Australia used protectionist tools to build a domestic manufacturing industry, most of which has been unwisely abandoned.

This began when the Whitlam government surprised the nation, and especially the working class, by the equivalent of an executive order for an arbitrary 25-per-cent across-the-board tariff cut.

With free trade and climate catastrophism now both woke dogmas, manufacturing has disappeared on this isolated continent more than in any other OECD country.

Now, woke politicians have mining and farming well in their sights to make us the Argentina of the South Seas.

Meanwhile, the Americans, naively also endorsing free trade as some silver bullet, have increasingly been the victims of sharp protectionist practices even by defeated foes they lavishly endowed with aid to help their recovery. American governments were at their most extraordinarily naive when the brutal mass-murdering Chinese communists were facing collapse. The Black Book of Communism estimates the death toll under Mao Tse-Tung was as high as 65 million.

With Mao’s passing the politburo feared they were doomed. However, there was a beacon of light which could be seen at night even from the so-called ‘Peoples Republic’.The brave would risk their lives in shark-infested seas to reach it. That was Hong Kong, a  successful economy based on free enterprise under the rule of law. Unlike all her other colonies, the British dared not grant it any significant degree of self-government. The politburo would not have tolerated that.

They did, however, calculate that they might survive by partially following Britain’s Hong Kong model and enter the capitalist world. This culminated in Bill Clinton naively letting them into the World Trade Organisation (WTO) to have access to the priceless Most Favoured Nation status. The foolish assumption was that the comrades would also see the advantages of becoming democratic.

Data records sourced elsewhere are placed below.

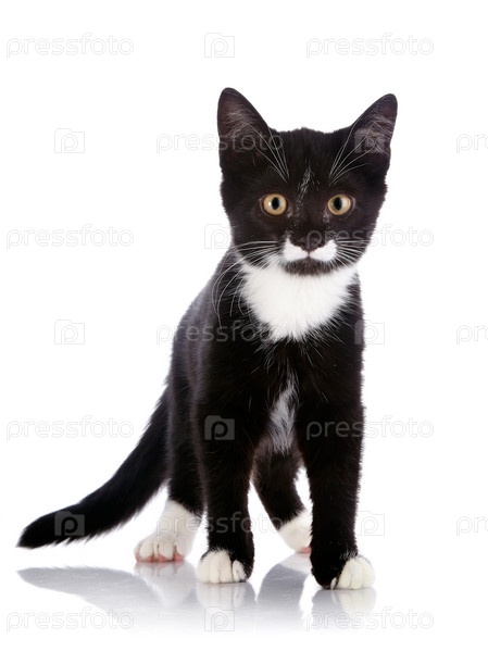 Черно-белый котенок идет на белом фоне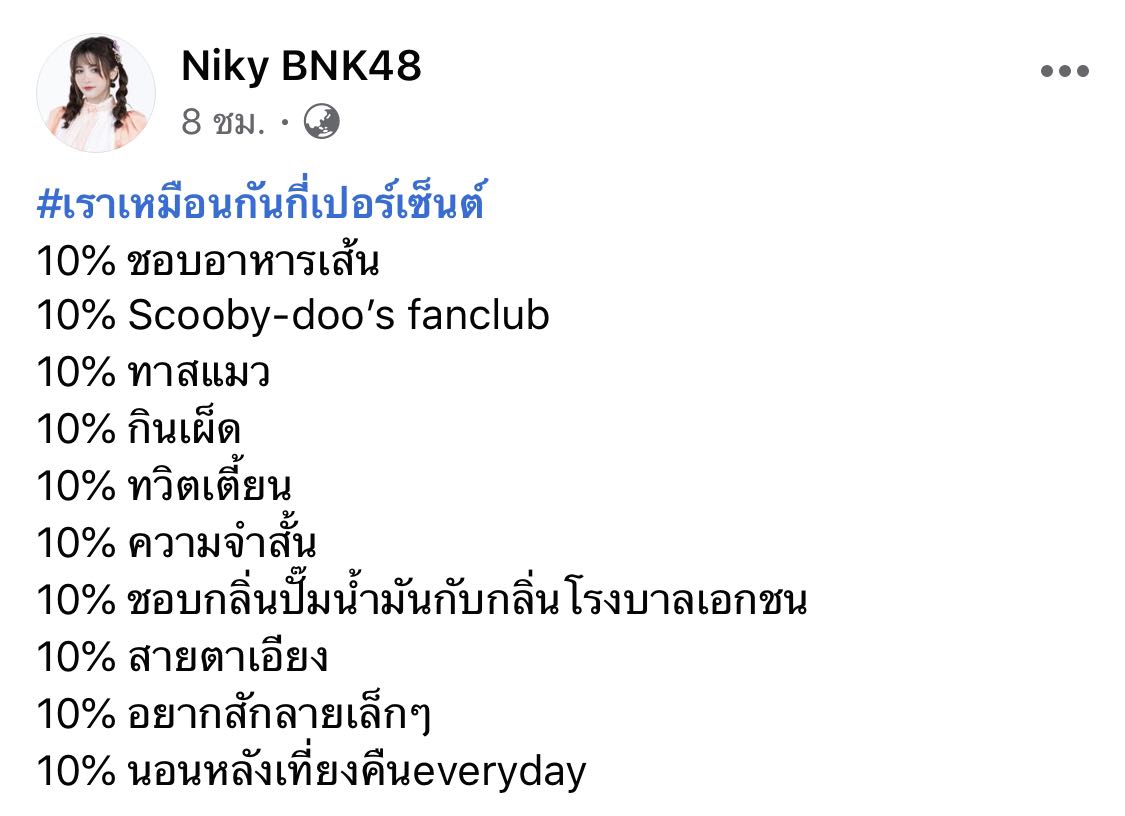 มาเล่นกัน #เราเหมือนกันกี่เปอร์เซ็นต์ ของน้องนิกี้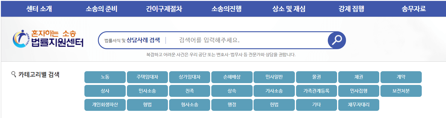 하지만 법에 대해 잘 모르는 일반인이 생소한 법률 용어와 서식들을 알아보기엔 너무 막막할 수 있습니다. 이러한 경우를 돕기 위해 대한법률구조공단에서는 '혼자하는 소송 법률지원센터' 홈페이지를 구축하여 도움을 주고 있는데요, 오늘은 큰 도움이 될 수있는 사이트 '혼자하는 소송 법률지원센터' 를 소개하고 이용방법을 알려드리겠습니다.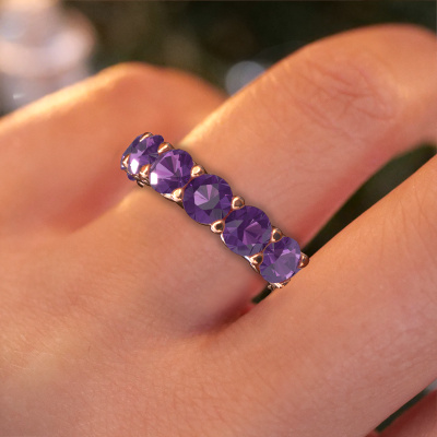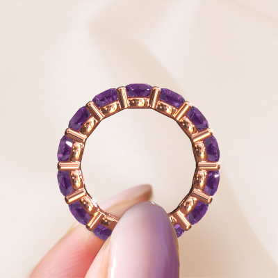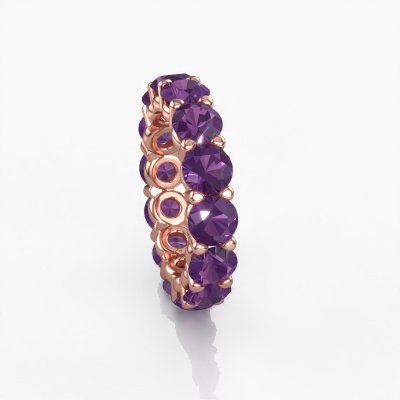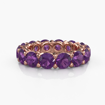 Cette bague porte le nom Heddy rnd 5.0 et le type de bague s'appelle une bague éternité. Par conséquent, toutes les pierres précieuses sont serties autour de l'anneau de la bague. Cette bague forgée en or rose 14 Carat a tout autour des petits améthystes de 5 mm. Les améthystes brillants sont tous d'identique et sont sertis dans l'anneau autour de la bague. Tous les améthystes sont soigneusement sélectionnés, précisément parce qu'ils doivent être aussi identiques que possible pour créer le meilleur résultat possible sur cette bague. Notre orfèvre place tous les améthystes très précisément à la main, ce qui permet de renforcer l'effet éternité de la bague. La passion est ce qui anime nos orfèvres : créer la bague parfaite. Voici la beauté de notre métier ! Le résultat est une belle bague forgée en or rose exclusives dans laquelle la rangée de améthystes semble continuer sans fin. Le symbole parfait pour votre amour infini pour elle ! Voici quelque chose de particulier ! En combinant les dernières techniques modernes, associées à une fabrication ancienne, nous sommes en mesure de fabriquer nos bagues dans notre propre studio. Chaque bijou est fabriqué sur commande. Ceci est avantageux car nous sommes en mesure de vous proposer un prix que vous ne trouverez nulle part ailleurs.

Clinton should have made their admission subject to a strict condition requiring the application of Hong Kong standards of governance and increasing democracy. As Australians especially know, the politburo broke every rule in the WTO book. It remains a brutal dictatorship.

Meanwhile, greedy firms saw that moving US manufacturing to China would increase profits, even if they were forced to hand over intellectual property on top of what was already stolen. That Chinese workers were underpaid and had few rights, that slave labour was also used and American workers would lose their jobs caused the greedy no concern whatsoever.

This view extended to Australia when a free trade agreement was proposed, notwithstanding the gullibility of dealing with a communist government and assuming that it could be trusted to operate under the WTO rules. Contrary to the written advice of Rick Brown, one of the nation’s best political strategists, demonstrated in the republic referendum, Australia entered into a free trade agreement with the communists.

So when PM Scott Morrison dared propose an effective inquiry into the origins of Covid-19, the agreement was effectively shredded, international trade law flouted and a massive range of unlawful penalties imposed by the comrades, including baseless anti-dumping duties, tariffs and trade bans.

Which brings me to Donald Trump. As historian Tim Stanley notes in the UK Telegraph, his use of tariffs is ‘perfectly rational’. The very fact that he has a plan, Stanley says, ‘beats his critics’. President Trump’s is refreshing and vigorous and one for which he has a mandate. It has every likelihood of success.